Группа продленного дня
Группа продленного дня читать книгу онлайн
Эпиграф: * "Скажи, Саша, стоят ли все твои муки по жизни такой мучительно блестящей литературы? Не ранят ли тебя самого клинки твоих отточенных фраз?"
Внимание! Книга может содержать контент только для совершеннолетних. Для несовершеннолетних чтение данного контента СТРОГО ЗАПРЕЩЕНО! Если в книге присутствует наличие пропаганды ЛГБТ и другого, запрещенного контента - просьба написать на почту [email protected] для удаления материала
ГЛАВА VI
«Сосватал я себе неволю,
Мой жребий – слезы и тоска!
Но я молчу, – такую долю
Взяла сама моя рука».
Г л и н к а
На заломе улицы подле английского посольства грузно колыхалось слипшееся мясное многолюдство. Над толпою топорщились спесивые хоругви. Опухлый малый в сизой чиновничьей шинели, по-обезьяньи повиснув на фонарном столбе, надсадно лаял нечто в жанре незабвенных ростопчинских афишек: нехристи друг дружку поедом едят, а мы единого креста, единой веры… на вилы подымем, дрекольем погоним… Бонапартий на что бойчее был, и того гнали ажно до Парижа… Над толпою вспорхнул еще один голос: братцы! а ну дегтем их, блядей! На ворота под общий гогот жирно легли бурые пятна. Он махинально отметил про себя: беззазорное на порядок посягновение – статья 213-я Уголовного Уложения. Повытчик на столбе широко размахнул картузом, – из драной подмышки полезли изжелта-серые ваточные клочья, – и сипло завел: да воскреснет Бог… Толпа враздробь отозвалась: да погибнут беси от лица любящих Бо-ога… В небе черными флагами полоскались вороны, сорванные с крыш молодецким разрозненным осьмигласием. Невдалеке бутошник, подпертый оперным бердышом, боролся с зевотою, заряжая в ноздри изрядную понюшку табаку. Посконное кликушество насмерть огадило еще в Москве, и он двинулся прочь, не чувствуя даже обыкновенной насмешливой брезгливости.

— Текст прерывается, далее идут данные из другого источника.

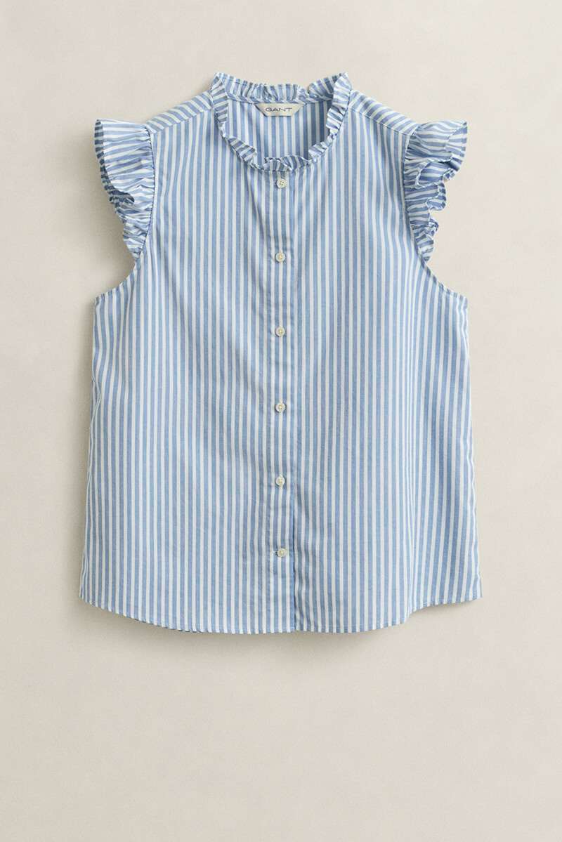 Stripe ctn ruffle blouse, Palace blue
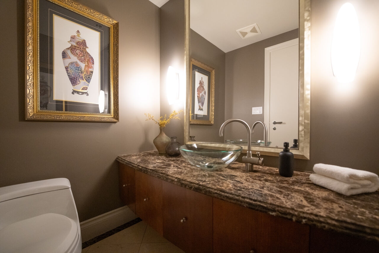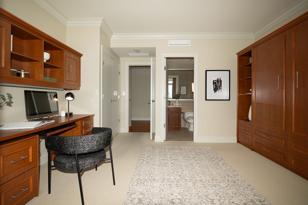 Second bedroom with custom Murphy bed, built-in desk and shelving (2020), and renovated ensuite bathroom (2020)
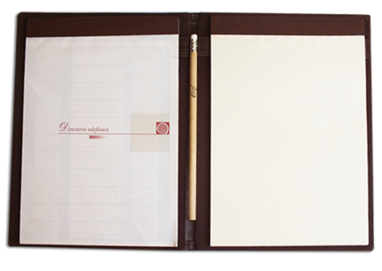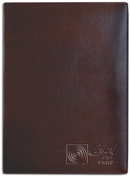Cuaderno de Notas de Caral Con directorio telefónico y block - Formato A5 - Tapa dura forrada con cuerina de color marrón y cosida.
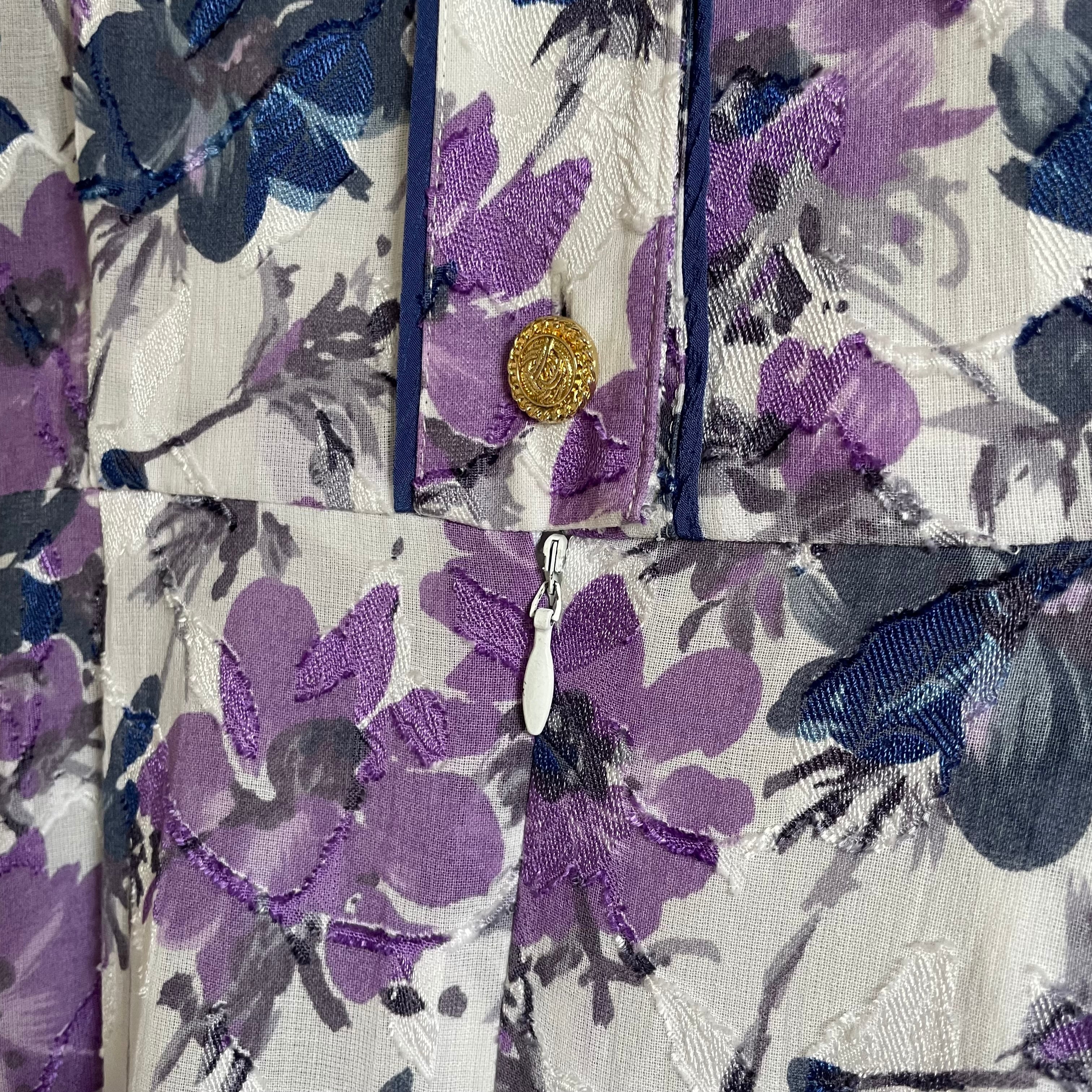 flower jacquard piping dress〈レトロ古着 フラワー ジャガード パイピング ワンピース 紫〉
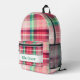 Ce motif écossais rose est un somptueux modèle de sac à dos. Motif moderne minimaliste rose et vert plaid. Une motif moderne et frappante, faite de rayures, avec un nom personnalisé.
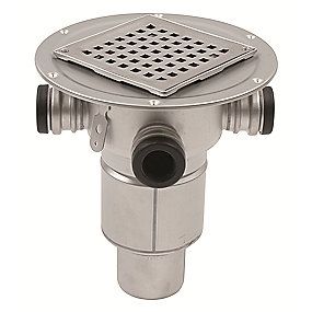 ​​​​​​​Rustfrit Blücher gulvafløb model Square med lodret Ø75 mm afløb.
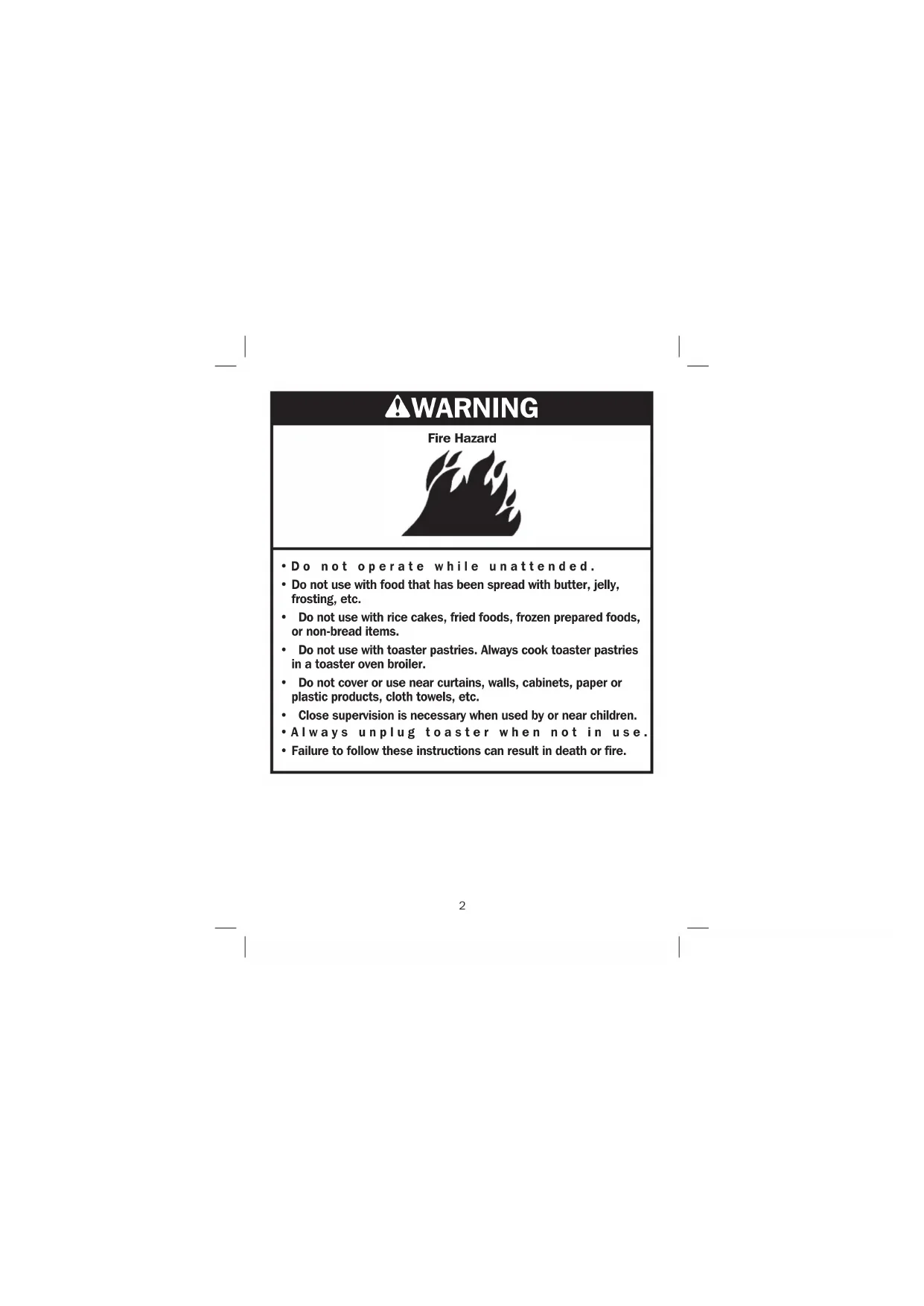 2. Do not operate toaster while unattended.

Поутру он, не особо разбирая, нанял скверный, в коростах облезлой вохры, нумер, но уснуть толком не вышло: кровать, едва закроешь глаза, принималась качаться и считать ухабы, будто почтовая карета. Остаться в четырех стенах да пялиться на тараканьи посиделки по углам было и вовсе невмоготу, прежде досыта нагляделся, – и он сошел со двора и бездумно вверился кучной суете столицы. Владимир не сделал на него впечатления; права матушка Екатерина: строением мерзок, все на боку. Иного, впрочем, и не ждал: в последние две недели жизнь отложилась от него и обреталась где-то поодаль; ощутительна стала лишь склизкая, сосущая тягота, – она до нитки обобрала мысли, запретив все, кроме собственного гнета. Назойливая внутренная тягость происходила от тягла, от долга, избыть который можно лишь вместе с самим собою, – но только тот и долг, что принят доброй волею…
Улица вывела его к Волге. Река, серая и бугристая, замертво лежала у ног, продолжая булыжную мостовую, и серое небо было неразлично от воды и камня, и люди на набережной, доступные всякому постороннему притязанию, терялись в сырых морщинах обвислого, старческого дня, оставляя зрению лишь понурое недоумение лиц и скудость истощенных движений. Он, ломая спички, запалил пахитос, да тут же и бросил: табак, напитанный влагою, отзывал затхлым. Воздуху хотелось другого, – московского, тугого и морозного; но осень здешняя медлила иззябнуть, плескала повсюду густую грязь, размазывала очерки, и город виделся гадательно, как сквозь тяжелую несвежую дремоту. Окаменелая волжская вода теснила назад – к поникшим заборам, к разинутым глоткам подворотен, и он отступил в извилистый кишечный переулок.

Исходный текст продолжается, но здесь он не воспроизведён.